> [WHAT YOU WILL DO]: Give back every record below in full and exactly, but without a single image.

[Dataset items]
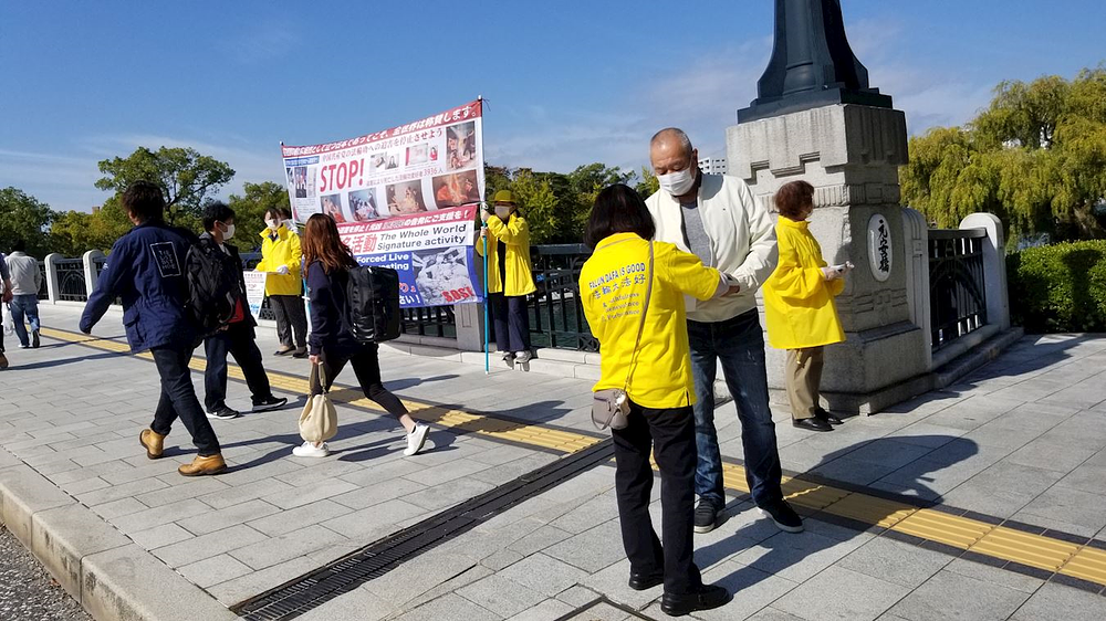 Falun Dafa praktikanti su u Hirošimi, 1. novembra 2020. godine, organizovali aktivnosti u Memorijalnom parku mira. Prolaznicima su govorili o aktuelnom progonu Falun Dafa prakse u Kini, koji traje već 21 godinu. Ovom prilikom je nekoliko ljudi potpisalo peticiju za pomoć u zaustavljanju ovih zločina.
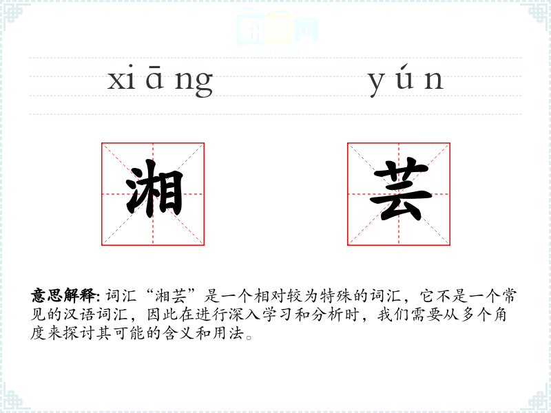 词汇“湘芸”是一个相对较为特殊的词汇,它不是一个常见的汉语词汇,因此在进行深入学习和分析时,我们需要从多个角度来探讨其可能的含义和用法。
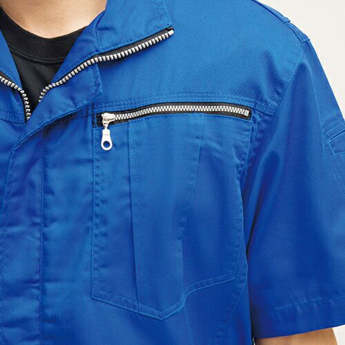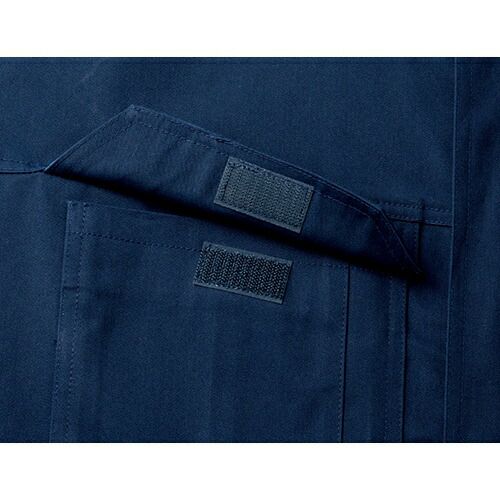 胸ポケットの金属ファスナーが表面に出ていないツナギ服 小物落下を防ぐファスナー付き両胸ポケットと、金属ファスナーによる傷付けを防止するフラップとの両立を図った安心設計生地は肌に優しい天然繊維のコットン100%を採用肉厚素材のためハードな作業にも対応できる最新モデル
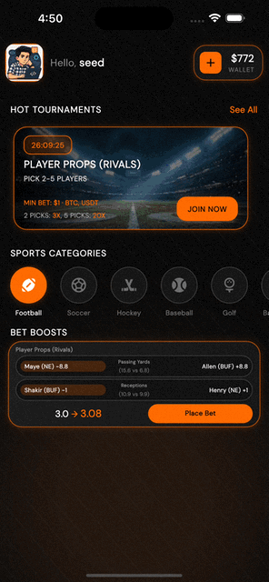 The platform combines rivals (player props or fantasy points), and crypto funding into a single experience that feels faster and more transparent.
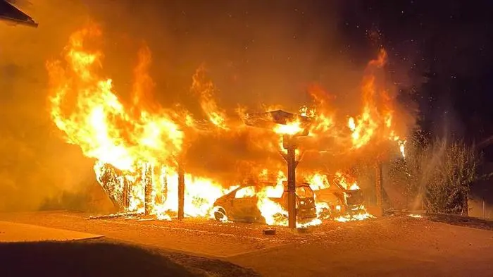 Aus bislang unbekannter Ursache brach in der Nacht auf Donnerstag gegen 2 Uhr in Faak am See bei einem Carport eines 53-jährigen Mannes ein Brand aus. Eine Nachbarin hatte das Feuer entdeckt, den Hausbesitzer geweckt und die Einsatzkräfte alarmiert. Beim Eintreffen der Feuerwehren stand der Carport samt zwei darin befindlicher Fahrzeuge bereits in Vollbrand.
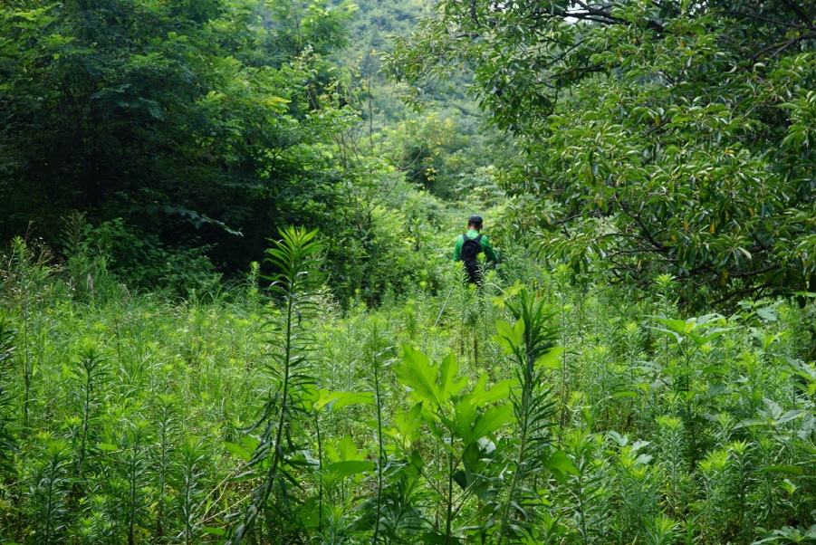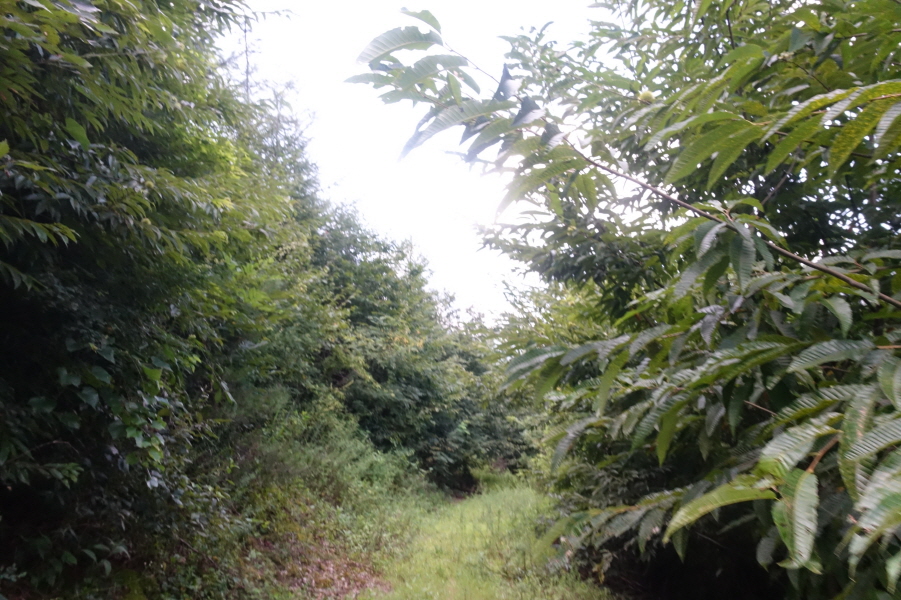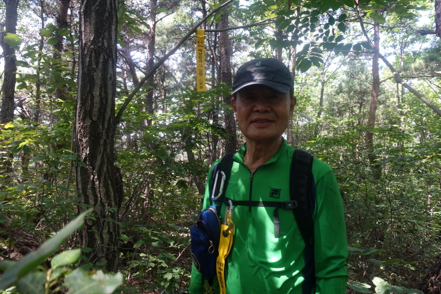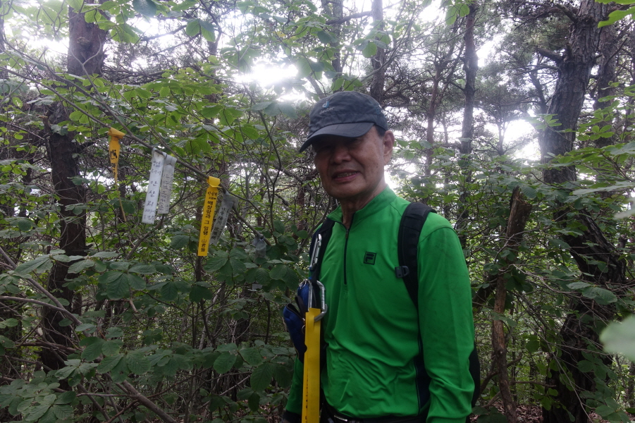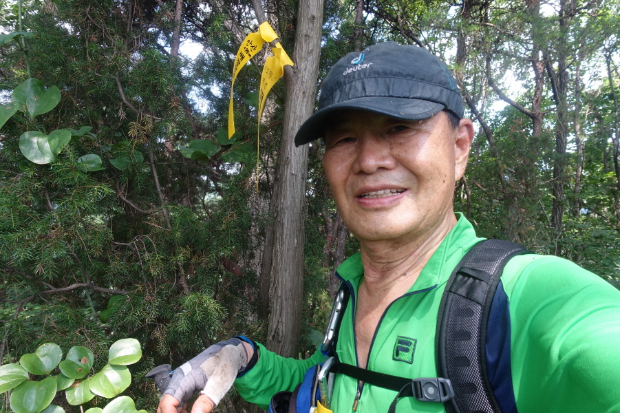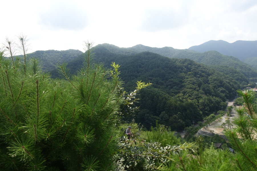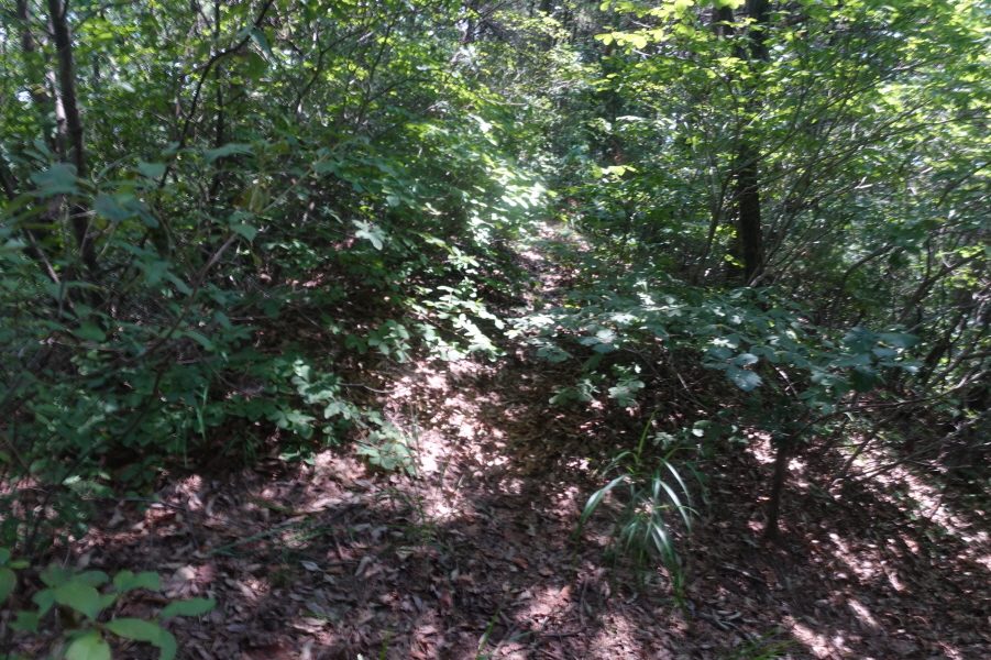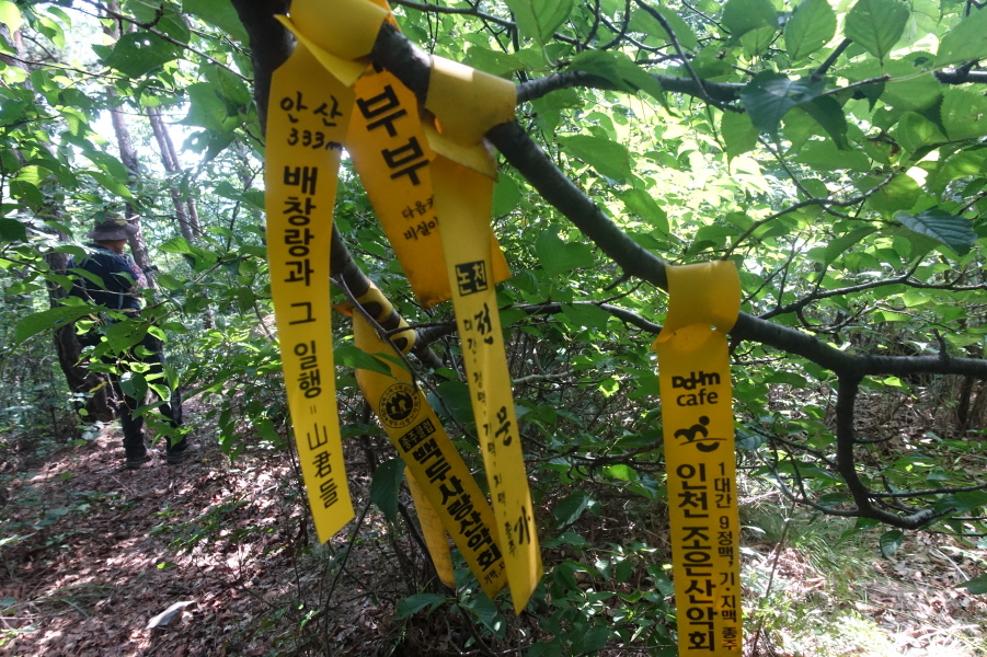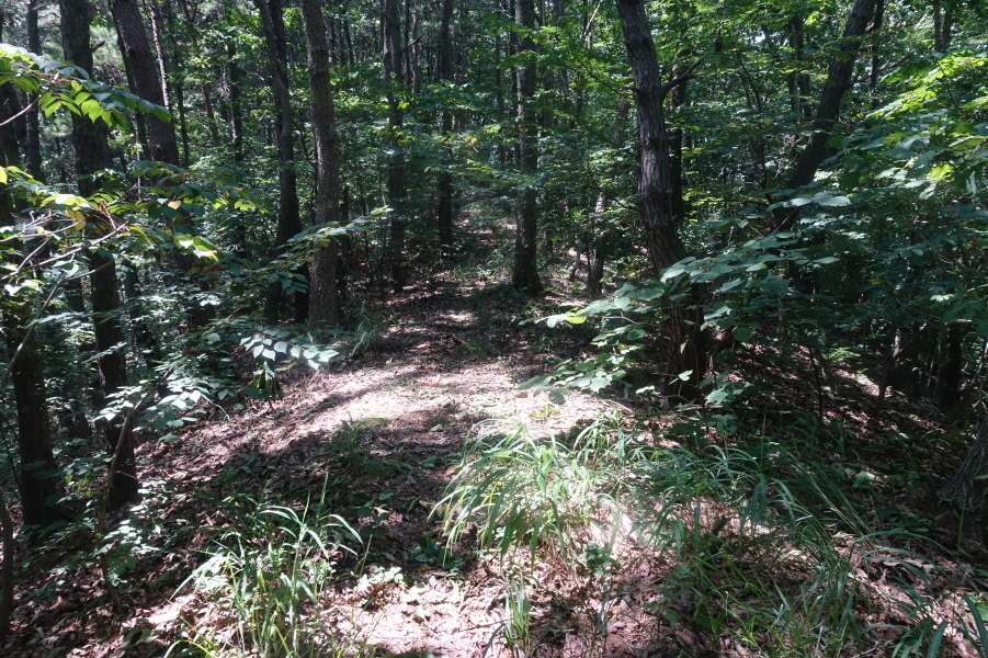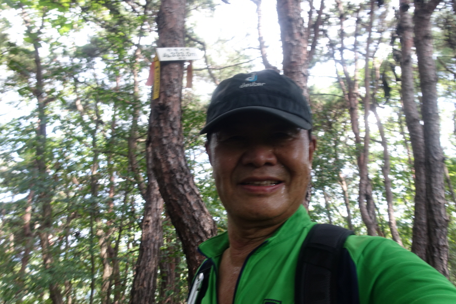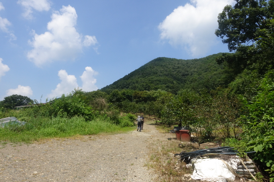 (11;22) .과수원 내주택에서 우측 비포장 임도를 따라 계곡쪽으로 우회하여 덕산을 오른는 것이 결과적으로 좋은 데 과수원 주택뒤 밭길을 지나 묘지길로 들어서 고개마루에서 우측으로 급경사 능선을 지그재그 힘들게 오릅니다.거의 90도의 사면을 더위에 치고 오르기가 쉽지 않았습니다.(0.6km/45분)
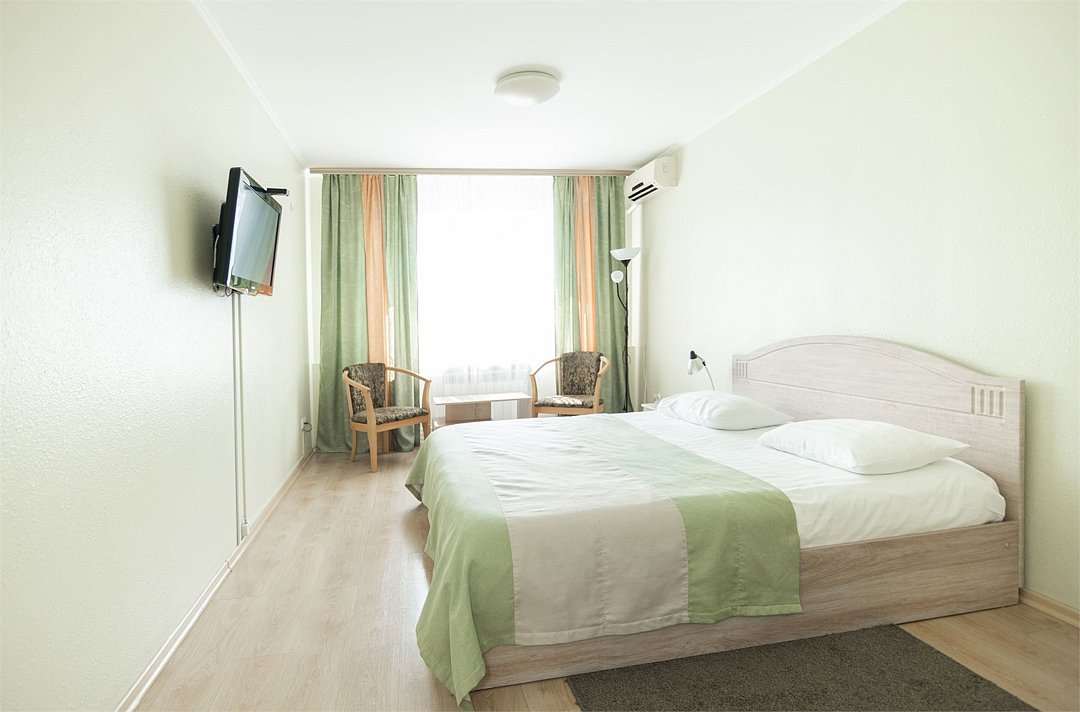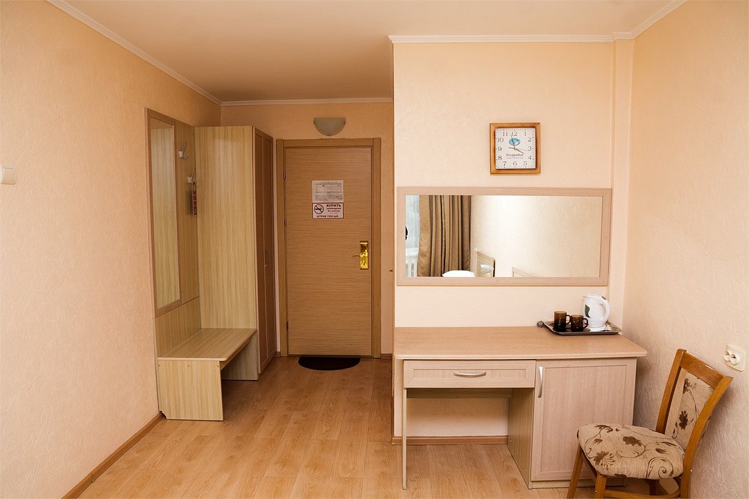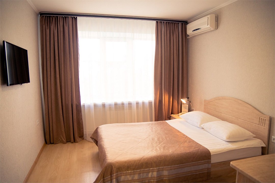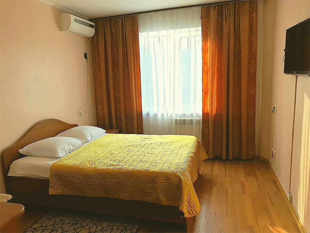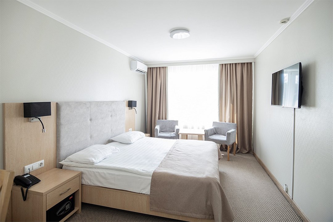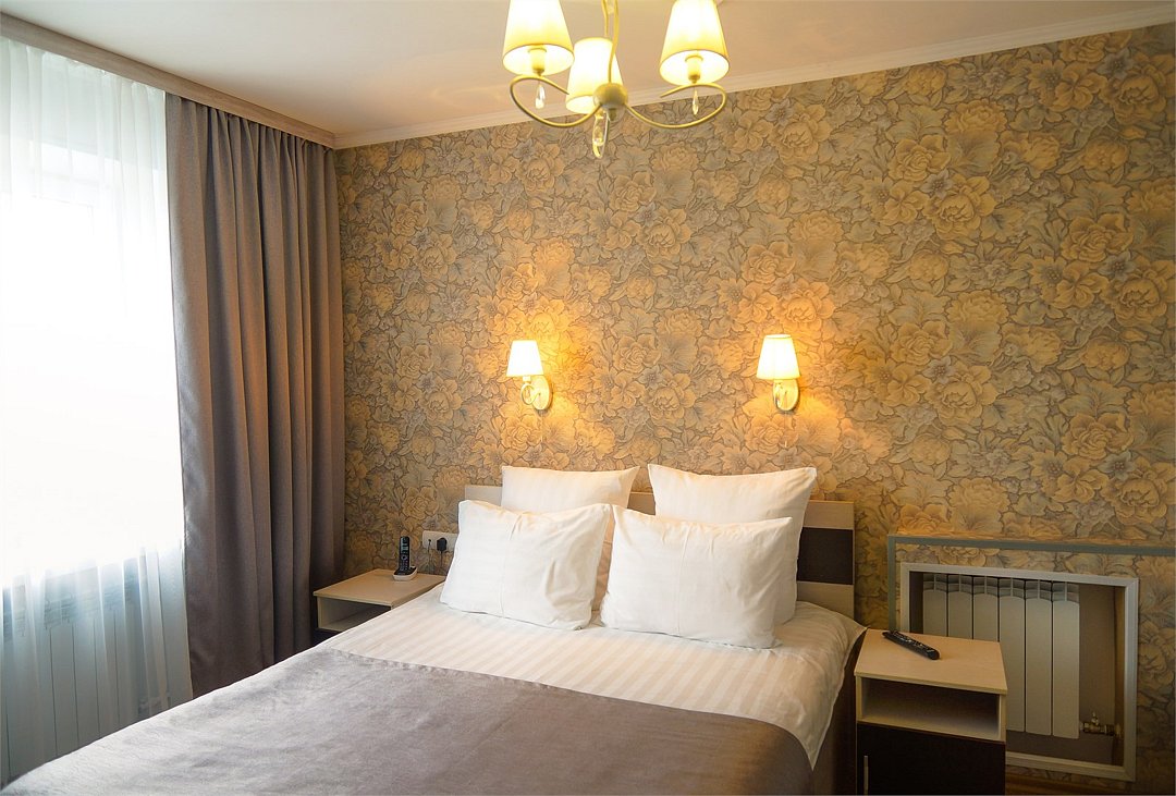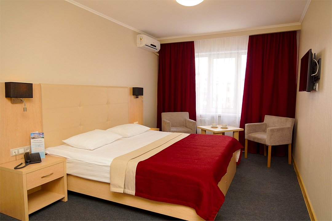 Общая площадь номера составляет - 23 кв.м Двухместные номера стандарт это однокомнатные номера с двумя раздельными кроватями (0,9х2,0 м. или 1,0х2,0 м.), прикроватными тумбами, журнальным столиком, банкетками, холодильником, электрочайником, чайными парами. Номера данной категории подходят для тех, кто путешествует вдвоём и стремится обеспечить комфортное проживание при минимальном бюджете. Номера обеспечивают всё необходимое для длительного проживания и обеспечения рабочих визитов (в некоторых номерах данной категории имеется рабочая зона). Номера оборудованы собственной ванной комнатой с ванной, полотенца, набор гигиенических средств, тапочки. Комфортное размещение гостей обеспечивается доступом к высокоскоростной беспроводной сети Интернет Wi-Fi, плазменным телевизором с цифровыми каналами. Нужный микроклимат помещения создаст кондиционер, установленный в номере. Ежедневно в номере проводится влажная уборка и смена полотенец. * Номера данной категории могут отличаться по эстетическому оформлению ** В номере есть возможность организации дополнительного спального места По желанию гостя, в стоимость номера могут быть добавлены завтраки в любом количестве. Стоимость одного завтрака 300 рублей. Парковка на территории гостиницы платная — до 2 часов 50 руб., свыше 2 часов 170 руб./сут. Всего номеров: 20Услуги и удобства

> [TASK SOLUTION]:
 Falun Dafa praktikanti su u Hirošimi, 1. novembra 2020. godine, organizovali aktivnosti u Memorijalnom parku mira. Prolaznicima su govorili o aktuelnom progonu Falun Dafa prakse u Kini, koji traje već 21 godinu. Ovom prilikom je nekoliko ljudi potpisalo peticiju za pomoć u zaustavljanju ovih zločina.
 词汇“湘芸”是一个相对较为特殊的词汇,它不是一个常见的汉语词汇,因此在进行深入学习和分析时,我们需要从多个角度来探讨其可能的含义和用法。
 胸ポケットの金属ファスナーが表面に出ていないツナギ服 小物落下を防ぐファスナー付き両胸ポケットと、金属ファスナーによる傷付けを防止するフラップとの両立を図った安心設計生地は肌に優しい天然繊維のコットン100%を採用肉厚素材のためハードな作業にも対応できる最新モデル
 The platform combines rivals (player props or fantasy points), and crypto funding into a single experience that feels faster and more transparent.
 Aus bislang unbekannter Ursache brach in der Nacht auf Donnerstag gegen 2 Uhr in Faak am See bei einem Carport eines 53-jährigen Mannes ein Brand aus. Eine Nachbarin hatte das Feuer entdeckt, den Hausbesitzer geweckt und die Einsatzkräfte alarmiert. Beim Eintreffen der Feuerwehren stand der Carport samt zwei darin befindlicher Fahrzeuge bereits in Vollbrand.
 (11;22) .과수원 내주택에서 우측 비포장 임도를 따라 계곡쪽으로 우회하여 덕산을 오른는 것이 결과적으로 좋은 데 과수원 주택뒤 밭길을 지나 묘지길로 들어서 고개마루에서 우측으로 급경사 능선을 지그재그 힘들게 오릅니다.거의 90도의 사면을 더위에 치고 오르기가 쉽지 않았습니다.(0.6km/45분)
 Общая площадь номера составляет - 23 кв.м Двухместные номера стандарт это однокомнатные номера с двумя раздельными кроватями (0,9х2,0 м. или 1,0х2,0 м.), прикроватными тумбами, журнальным столиком, банкетками, холодильником, электрочайником, чайными парами. Номера данной категории подходят для тех, кто путешествует вдвоём и стремится обеспечить комфортное проживание при минимальном бюджете. Номера обеспечивают всё необходимое для длительного проживания и обеспечения рабочих визитов (в некоторых номерах данной категории имеется рабочая зона). Номера оборудованы собственной ванной комнатой с ванной, полотенца, набор гигиенических средств, тапочки. Комфортное размещение гостей обеспечивается доступом к высокоскоростной беспроводной сети Интернет Wi-Fi, плазменным телевизором с цифровыми каналами. Нужный микроклимат помещения создаст кондиционер, установленный в номере. Ежедневно в номере проводится влажная уборка и смена полотенец. * Номера данной категории могут отличаться по эстетическому оформлению ** В номере есть возможность организации дополнительного спального места По желанию гостя, в стоимость номера могут быть добавлены завтраки в любом количестве. Стоимость одного завтрака 300 рублей. Парковка на территории гостиницы платная — до 2 часов 50 руб., свыше 2 часов 170 руб./сут. Всего номеров: 20Услуги и удобства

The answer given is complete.